Dataset content.
******

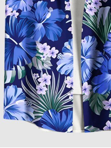 Chemise hawaïenne grande taille à imprimé feuilles d'hibiscus et boutons avec poches pour homme - Bleu Ciel - Bleu Ciel
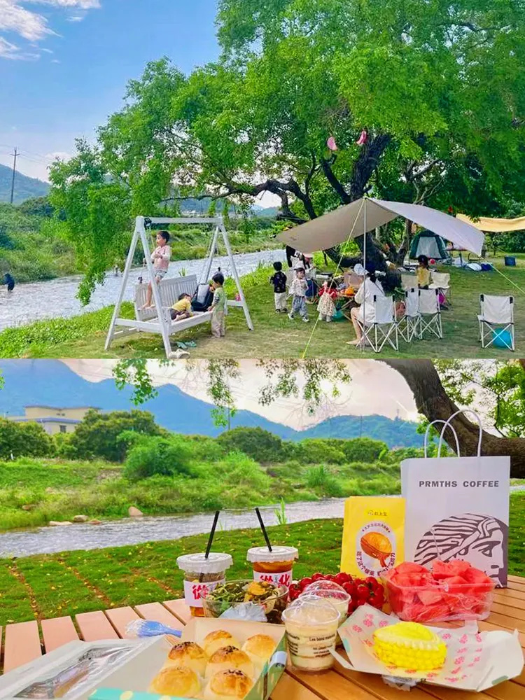 地址: 广州市从化区良口镇 营地推荐 露营地就在小溪边上,一大片绿色的草地,充满了原生态气息。 营地配套 独立卫浴、洗漱用品、空调、吹风机、烧水壶、蛋卷桌、椅子、1.5米床、含早餐每个帐篷都配备了超齐全的日用品,可以说是非常贴心了 户外娱乐 营地前超大户外草坪,野餐下午茶、放风筝u、荡秋千、组织游戏,小朋友可以尽情的奔跑玩要。无论是亲子周边游、朋友度假、团建聚会都非常适合 周边游玩 石门国家森林公园 溪头村 流溪河国家森林 公园宝趣玫瑰园
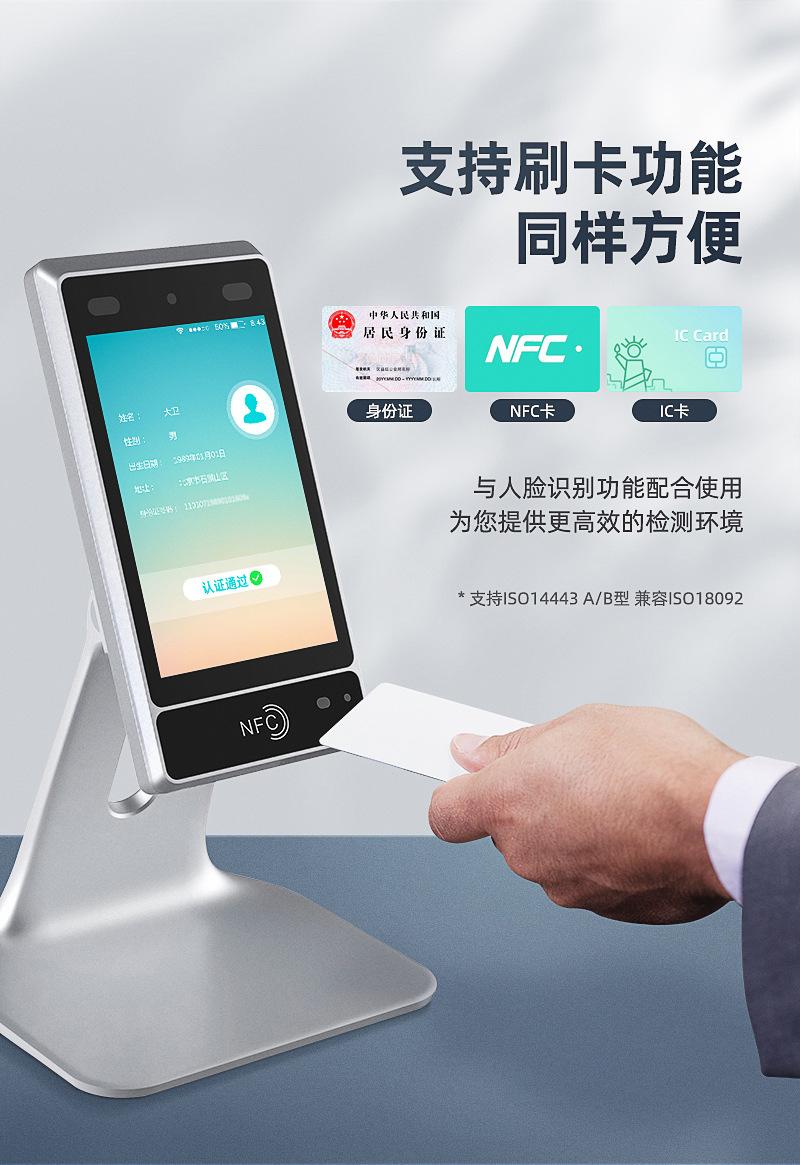 La máquina integrada para visitantes con reconocimiento facial inteligente Telpo TPS980 admite la función personalizada de lectura de tarjetas NFC, es compatible con el tipo ISO14443 A/B y es compatible con ISO18092. El Telpo TPS980 se puede personalizar para adoptar el reconocimiento híbrido de identidad, combinando la función de lectura de tarjetas de identificación de segunda generación con la función de reconocimiento facial para proporcionar a los usuarios un entorno de reconocimiento más eficiente.

******

Instructions for the task. Pictures are to be omitted; otherwise, write out the data exactly as it appears.

Answer section.
 Chemise hawaïenne grande taille à imprimé feuilles d'hibiscus et boutons avec poches pour homme - Bleu Ciel - Bleu Ciel
 地址: 广州市从化区良口镇 营地推荐 露营地就在小溪边上,一大片绿色的草地,充满了原生态气息。 营地配套 独立卫浴、洗漱用品、空调、吹风机、烧水壶、蛋卷桌、椅子、1.5米床、含早餐每个帐篷都配备了超齐全的日用品,可以说是非常贴心了 户外娱乐 营地前超大户外草坪,野餐下午茶、放风筝u、荡秋千、组织游戏,小朋友可以尽情的奔跑玩要。无论是亲子周边游、朋友度假、团建聚会都非常适合 周边游玩 石门国家森林公园 溪头村 流溪河国家森林 公园宝趣玫瑰园
 La máquina integrada para visitantes con reconocimiento facial inteligente Telpo TPS980 admite la función personalizada de lectura de tarjetas NFC, es compatible con el tipo ISO14443 A/B y es compatible con ISO18092. El Telpo TPS980 se puede personalizar para adoptar el reconocimiento híbrido de identidad, combinando la función de lectura de tarjetas de identificación de segunda generación con la función de reconocimiento facial para proporcionar a los usuarios un entorno de reconocimiento más eficiente.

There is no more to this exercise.